# lights out !?



## Guest (Dec 7, 2002)

sup ya'll i am newbie at this forum.

i recently picked up a 1991 Nissan 2000 Nx, and i am having a problem with the headlights. Only one of lights is working (passenger headlight). Before when i turn on the Highbeams both light would come on, and now only one will work(high and low). After this started to happen i noticed that the high beam light on the dash doesnt fucntion aswell. I check the light blub, wire connection, and fuses, and all looks good. any suggestion on how to fix it?

Thanks!


----------



## andre (Apr 30, 2002)

Did you try swapping the bulbs? Try that...maybe its the bulb...or the harness...sometimes its not too obvious.


----------



## V i V i D 200sx (Sep 17, 2002)

yeah, it sounds like your bulb burned out. there are two filaments, so sometimes its hard to tell if its burnt out by looking at it. id pick up a set of sylvania silverstars while youre at it. theyre supposed to give the pure white color with a slight blue tint, using stock wattage. and they cost like 20 bucks each


----------



## Guest (Dec 8, 2002)

yeah actually i do have those sylvania silverstars light bulbs and they do work really great, but the bulb is fine. Because i also switch the working bulb over and it still wouldnt work on that side. So i am pretty certain its not the bulb. The fact the when i turn on the high beams, the dash indicator light doesnt come on anymore. I figure it has to be some kind of electrical circuit blown or something. And i have no clue where to look  Thanks for your help any more hints would be greatly appreciated.


----------



## andre (Apr 30, 2002)

I'm thinking maybe its the harness...


----------



## LittlebittaContact (Oct 12, 2002)

My Car has a fuse for each headlight, your's probably does too! Check it out Yo


----------



## dry (Oct 21, 2002)

yeah I'd check the fuses and if they are good check the wiring harness.


----------



## Guest (Dec 14, 2002)

yea.. i checked fuses and harness, and all looks good. So i just did a quick fix, and ran cable from one end to the other, and attach both headlites from the same end. this seems to be ok for now.


----------



## V i V i D 200sx (Sep 17, 2002)

that might be too much wattage for the harness... like when you put higher-wattage bulbs in there, they always seem to burn out real quick, or sometimes fry the harness. id try to get it fixed, but since you dont really know what the prob is, it might be a bitch replacing parts and all....


----------



## deception se-r (Jul 24, 2002)

how did you check the harness? thats what i would think it was. did you use a circuit tester?


----------



## Guest (Dec 15, 2002)

yea , i got my friend to test it with a circuit test and everything with the harness seemed to be ok.
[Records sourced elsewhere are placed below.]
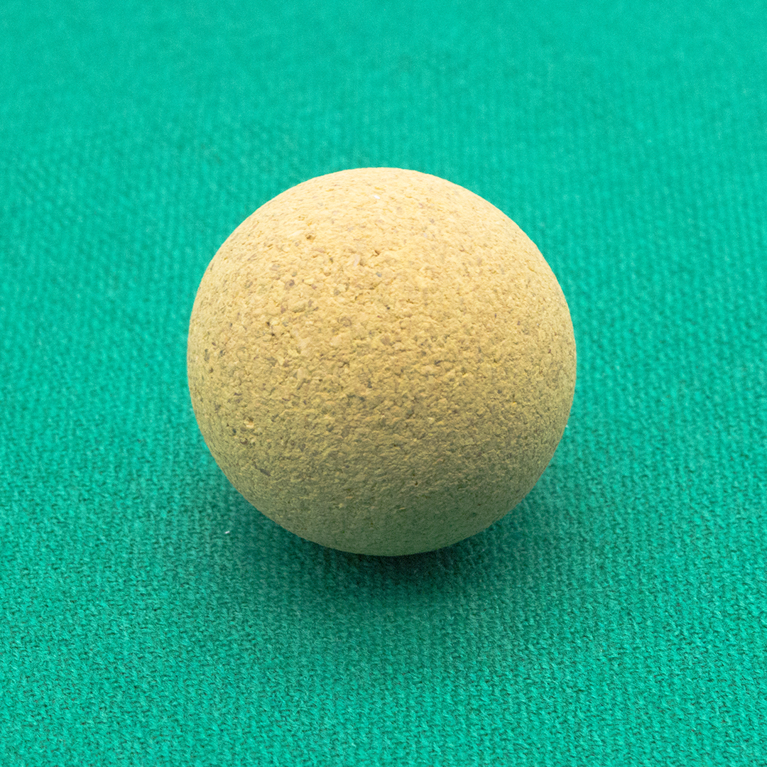 Жёлтый пробковый мяч диаметром 36 мм. Подходит для кикера со штангами диаметром 16 мм. Обладает плотной пробковой структурой, обеспечивающей тихую игру и лёгкий контроль.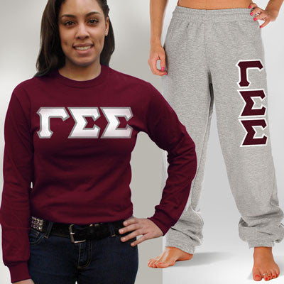 This package comes with the Gildan unisex/men's sized longsleeve with 4 inch twill letters going across the chest and Jerzees unisex/men's sized sweatpants with 4 inch twill letters going down the left leg or 4 inch twill letters on the butt. Both items will come with the Gamma Sigma Sigma greek symbols.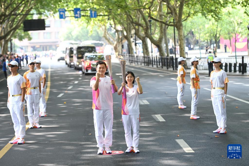 9月8日,火炬手徐川子(右)與鐘毅在火炬傳遞中。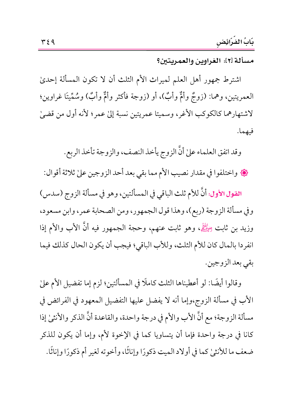 وقالوا أيضًا: لو أعطيناها الثلث كاملًا في المسألتين؛ لزم إما تفضيل الأم على الأب في مسألة الزوج، وإما أنه لا يفضل عليها التفضيل المعهود في الفرائض في مسألة الزوجة؛ مع أنَّ الأب والأم في درجة واحدة، والقاعدة أنَّ الذكر والأنثى إذا كانا في درجة واحدة فإما أن يتساويا كما في الإخوة لأم، وإما أن يكون للذكر ضعف ما للأنثى كما في أولاد الميت ذكورًا وإناثًا، وأخوته لغير أم ذكورًا وإناثًا.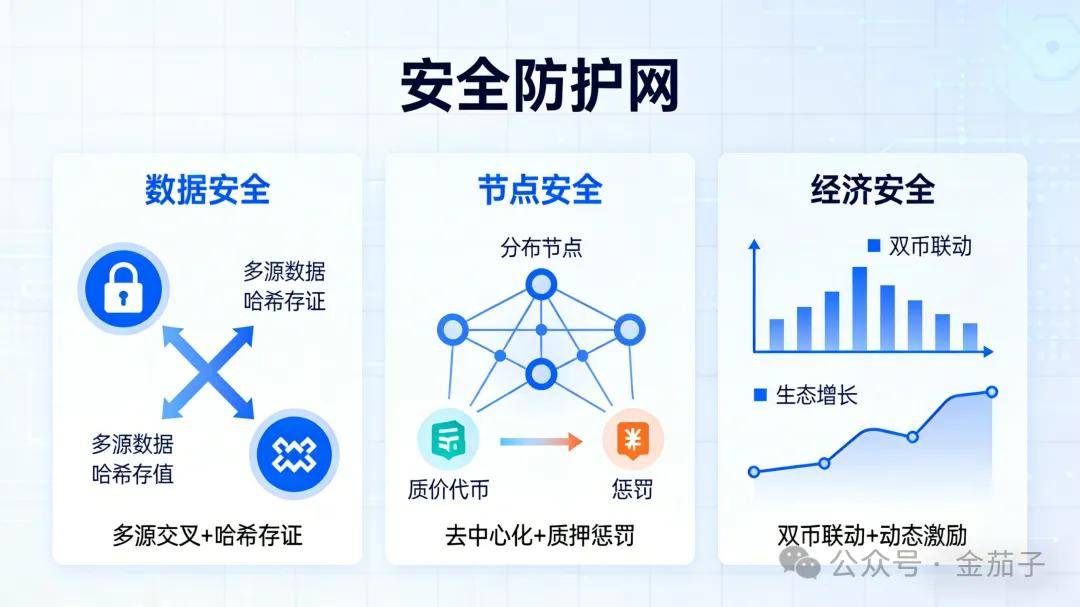如果说四层架构是ChooseLink的“骨架”,那么三重安全机制就是它的“防护网”,从数据、节点、经济三个维度,彻底堵死操纵漏洞: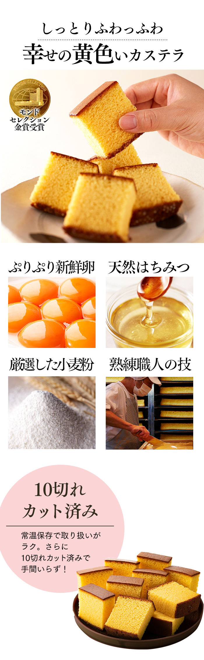 鶏卵(国産)、砂糖、小麦粉、水飴、ザラメ糖、蜂蜜、(一部に卵・小麦を含む)

... so i guess linkin both bulbs through one line is a bad idea, eh?


----------



## NastyNX2k (Oct 20, 2002)

Try jiggling the wire a bit if it happens again. I had the same problem not too long ago, and all I had to do was pull the red and black wires out a little.

 wish i had friends to help me with my car when stuff went wrong


----------



## Guest (Dec 16, 2002)

when i first bought my 91 NX it had an electrical problem. My headlights worked but the tailights and the lights on the sides didn't work. My Speedometer also wasn't visible. Also when i used my turn signal the brights came on. (Really fun in front of cops) it turned out i needed a new headlight switch and a hell of a lot of electrical work. factory service manual is a must for this work because most mechanics have no idea what the NX is! Good luck solving this problem...hopefully its just something stupid..like when my car wouldn't start...


----------



## Guest (Dec 20, 2002)

lol... yea i gotta look in to gettin a service manuels or repair books. cuz mine didnt come with one when i picked it up this summer


----------